Billy Nomates Auftritt beim legendären Glastonbury-Festival sorgt derzeit für Aufregung: Nach einer Flut von Hate-Kommentaren hat die Künstlerin angekündigt, nach diesem Sommer keine Konzerte mehr zu geben und ihren Instagram-Account gelöscht. Um was geht es hier eigentlich? Und wie sexistisch ist Indierock 2023, fragt Valerie Trebeljahr.

Von: Valerie Trebeljahr

Stand: 27.06.2023

Die britische Künstlerin Billy Nomates live (undatiert) | Bild: picture-alliance/dpa/Dafydd Owen/Avalon

Billy Nomates hat die Reißleine gezogen. Sie hat die BBC darum gebeten, einen Post zu ihrem Auftritt am Freitag beim Glastonbury-Festival zu löschen und bekanntgegeben, dass sie nach diesem Sommer keine Konzerte mehr spielen wird und ihren Insta-Account gelöscht. Zu krass war die Flut an Hate-Kommentaren und Beleidigungen.

Hatte die Künstlerin Axl Rose geschlagen?

Hatte die Künstlerin, sich in irgendeiner Form ungebührlich verhalten? Den Auftritt von den Hives gecrasht, backstage Axl Rose geschlagen oder am Ende gar die Beatles gedisst? Nein. Billy Nomates hatte sich schlicht und ergreifend erlaubt, ohne Band zu spielen. Das war’s.

Am Tag eins des Glastonbury-Festivals betritt sie um 15.15 Uhr die Park Stage. Und füllt allein die komplette Bühne. Singt, tanzt und wirbelt von links nach rechts. Ohne den Rückhalt einer Band, ohne die Unterstützung von nächtlichem Licht oder Bühnennebel. Sie legt einen beeindruckenden Auftritt hin!

Freunde testosterongeladener Rockmusik

Einen beeindruckenden Auftritt – vor Männern mit Sonnenbrillen und Bucket Hats, die auf ihre Helden Guns N’ Roses, Arctic Monkeys und Queens of the Stone Age warteten. Und diese Freunde testosterongeladener Rockmusik – ob sie nun auf dem Festival waren oder nur auf Twitter – fühlten sich dazu berufen, Billy Nomates runterzumachen. Sie wirke wie eine „betrunkene Mutter, die Karaoke singt“, schrieben sie zum Beispiel.

Geschenkt, dass die Sleaford Mods genauso arbeiten, dass ganz Hip-Hop ohne Band auskommt, ganz zu schweigen von DJs, die einfach ihre Hits auflegen.

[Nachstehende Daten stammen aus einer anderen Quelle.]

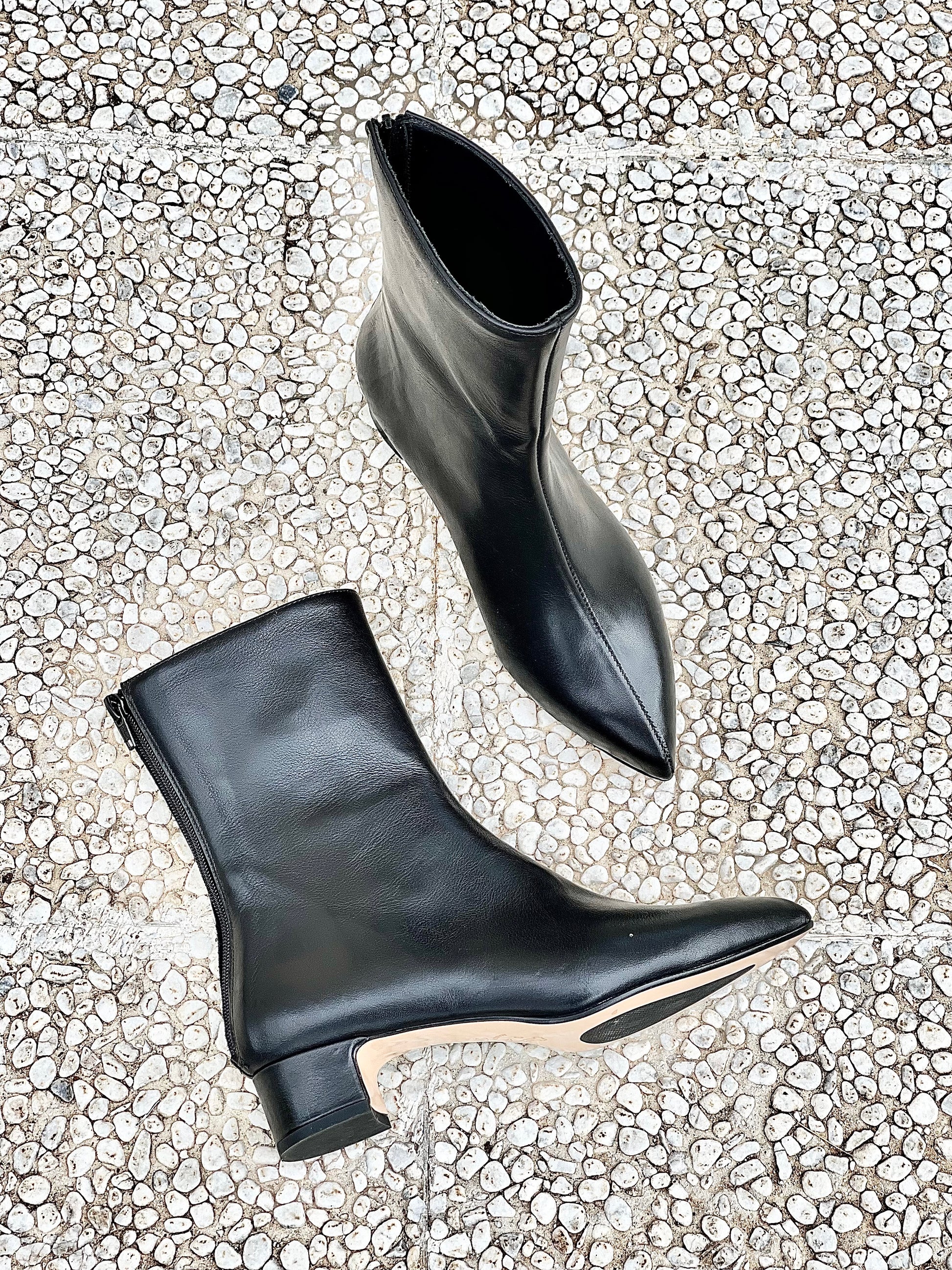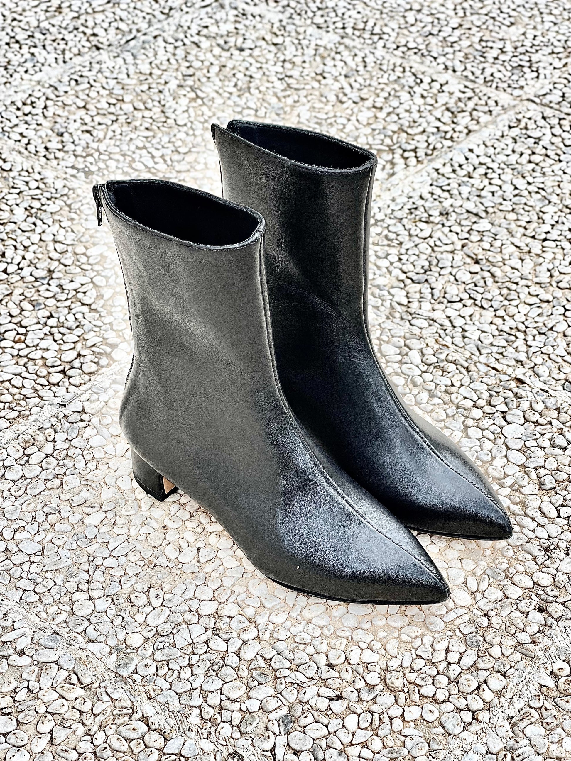 Skórzane buty za kostkę z szerokim obcasem i zamkiem błyskawicznym z tyłu.
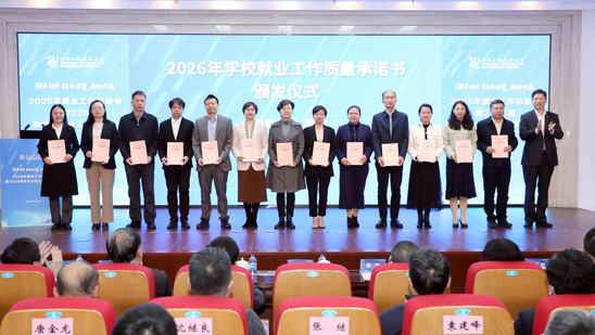 “稳就业”“保就业”事关学校人才培养质量跃升与社会评价认可的“提质”核心,事关学生职业发展前途与人生价值实现的“共赢”目标,更需以“拓新求变”的主动姿态应对就业市场新态势、破解工作推进新挑战。为明确工作任务、压实工作责任、切实做好2026届毕业生就业工作,李江向各学院负责人颁发了2026年就业工作质量承诺书。
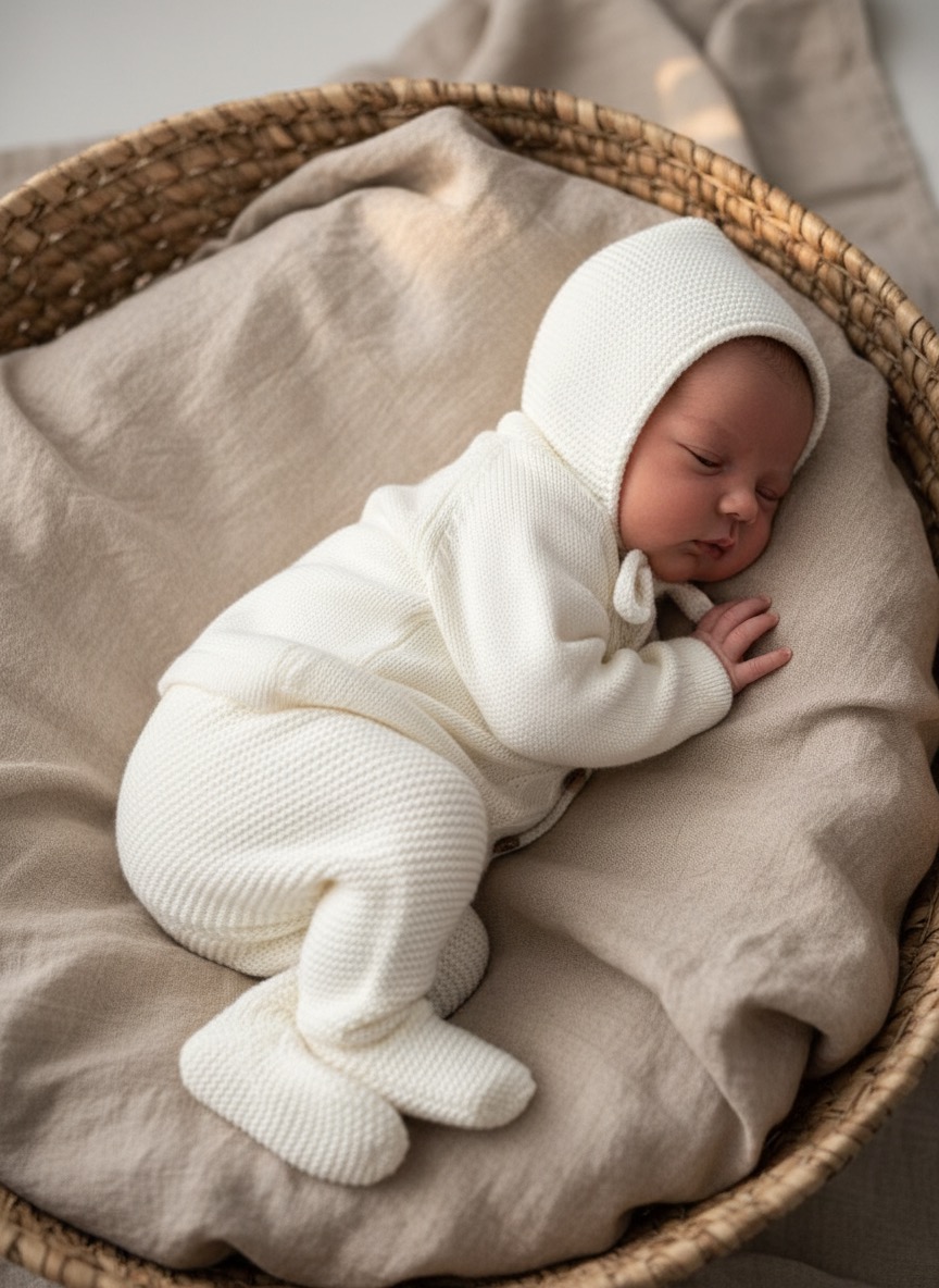 • Bebé deitado em cesto com fato de malha branco e capuz
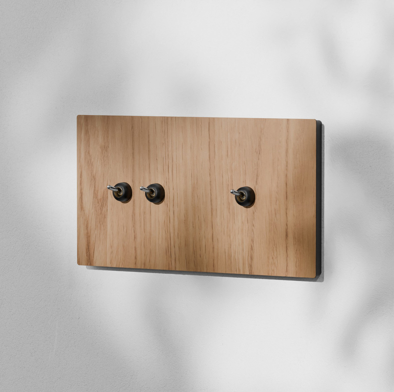 Este modelo presenta una placa con un acabado que imita la madera de roble, con una superficie suave y mate que combina tonos claros con sutiles toques de rosa y naranja. Este acabado aporta una sensación acogedora y un toque de frescura, especialmente en ambientes donde predominan los tonos blancos y desaturados. Además, los interruptores cuentan con embellecedores que puedes elegir entre acabado latón o negro texturizado.
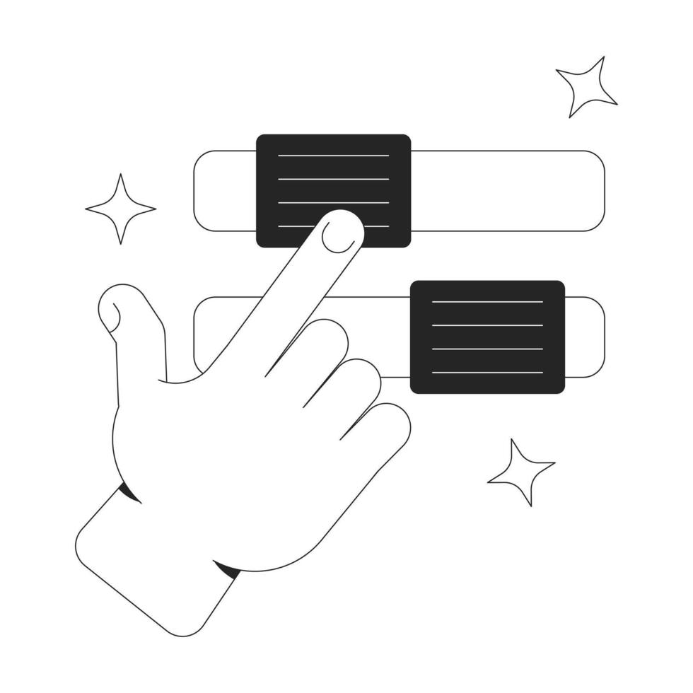 Hand interacting with sliders toggles line onboarding ui illustration. User customization. Interface configuration. Interactive control outline 2D concept isolated. Ink linear metaphor art Pro Vector
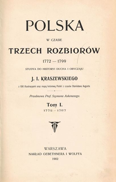 Polska w czasie trzech rozbiorów 1772-1799 : studya do historyi ducha i obyczaju. T. 1, 1772-1787 / J. I. Kraszewskiego ; przedmowa Prof. Szymona Askenazego. - Warszawa : nakład Gebethnera i Wolffa, 1902 (Warszawa : druk Piotra Laskauera i S-ki). - [4], XVI, 424, [1] strona, [1] karta tablic : ilustracje, mapa, portrety ; 24 cm.
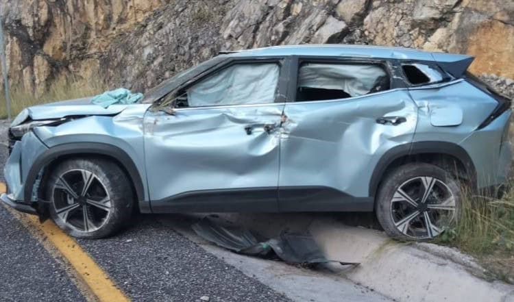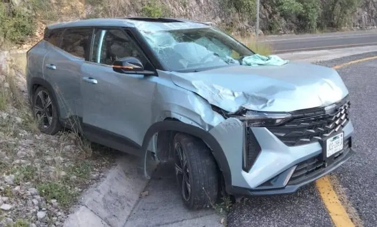 TAMASOPO.- Una camioneta salió del camino y terminó chocando contra un cerro en la autopista Valles-Rayón, cerca del acceso a Tamasopo.
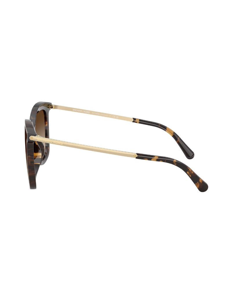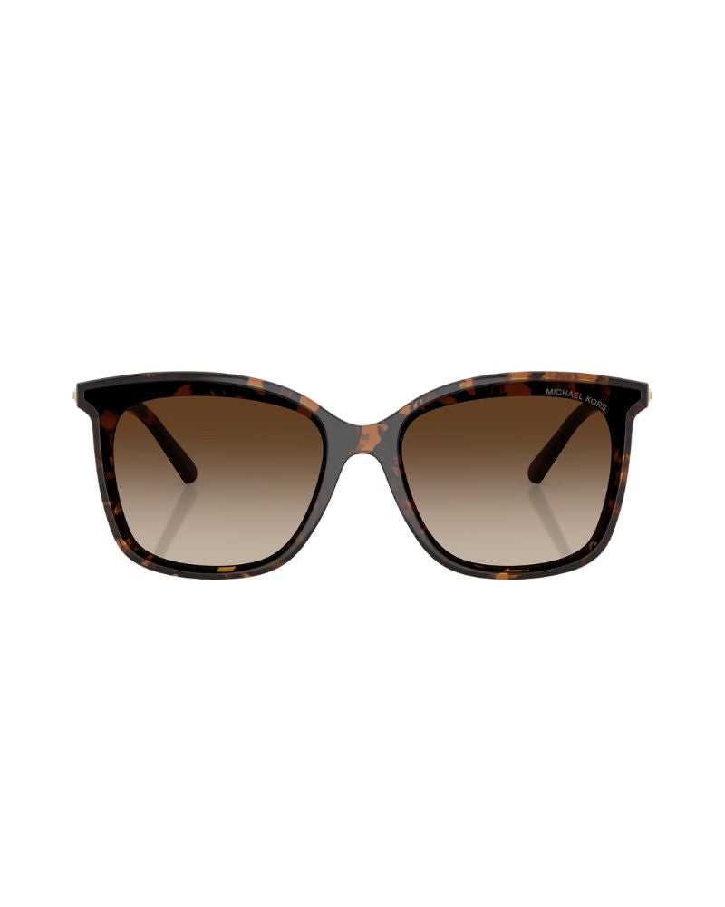 Introducing Michael Kors Zermatt, a stylish addition to the designer's iconic sunglass collection. Featuring a square frame with dark tortoise color and smoke gredient lenses, these shades exude sophistication and elegance. The polished finish on the front adds an extra touch of glamour, while the temples feature the iconic MK lettering in silver for an unmistakable design statement. Elevated yet understated, these sunglasses embody timeless allure with their exquisite blend of trendsetting style and versatile colour palette.
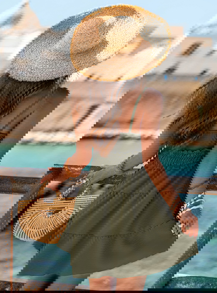 Rozkloszowana sukienka na ramiączkach Jauste - khaki to połączenie wygody i niewymuszonej elegancji. Wyróżnia się prostotą, która daje wiele możliwości stylizacyjnych. To model, który doskonale wpisuje się w ideę La Dolce Vita – czerpania radości z codzienności. Nada się zarówno na leniwe popołudnia, jak i spontaniczne wypady. Dzięki swojemu fasonowi podkreśla to, co kobiece, i dodaje lekkości każdemu lookowi. Jej kolor sprawia, że pasuje niemal do wszystkiego – od delikatnych pasteli po intensywne akcenty. To sukienka, w której po prostu dobrze się czujesz.

Schweiß, schwere Verstärker und harte Gitarren

Was, liebe Freunde der Indiemusik, ist in Euch gefahren? Wie altbacken ist das Konzept von Schweiß, schweren Verstärkern und harten Gitarren? Ja, Ihr sehnt Euch nach der „guten alten Zeit“, als die Musik noch „handgemacht“ war. Und die Bierdusche noch ein Ziel. Die Welt war so schön und übersichtlich damals!

Vorbei, vorbei, vorbei! Endlich. Ich bin so froh, dass das vorbei ist! Dass jeder auf die Bühne kommen kann, wie er oder sie will. Mit Band, ohne Band, laut oder leise, in Tüll oder T-Shirt.

Indie war nie besser als der normale Rockzirkus

Die harte Wahrheit ist, dass Indie nie besser war als der normale Rockzirkus. Man trug nur Bart und Karohemd und wirkte nach außen hin etwas sanfter. Doch im Falle Billy Nomates zeigt sich, dass die „Indierock Dads“ nicht weniger spießig sind als Vorstadtpapas. Nach dem Motto: Was macht die Frau da für Verrenkungen, die soll lieber mal heim an den Herd!

Also, liebe Freunde der guten Musik: Move your head and your ass will follow! Dass ich das 2023 noch sagen muss, erschreckt mich ein wenig. Deshalb, liebe Billy Nomates: Wir brauchen noch viele, viele weitere Konzerte von Dir. Barfuß, allein, völlig bei Dir, in dem, was Du machst. Don’t give up!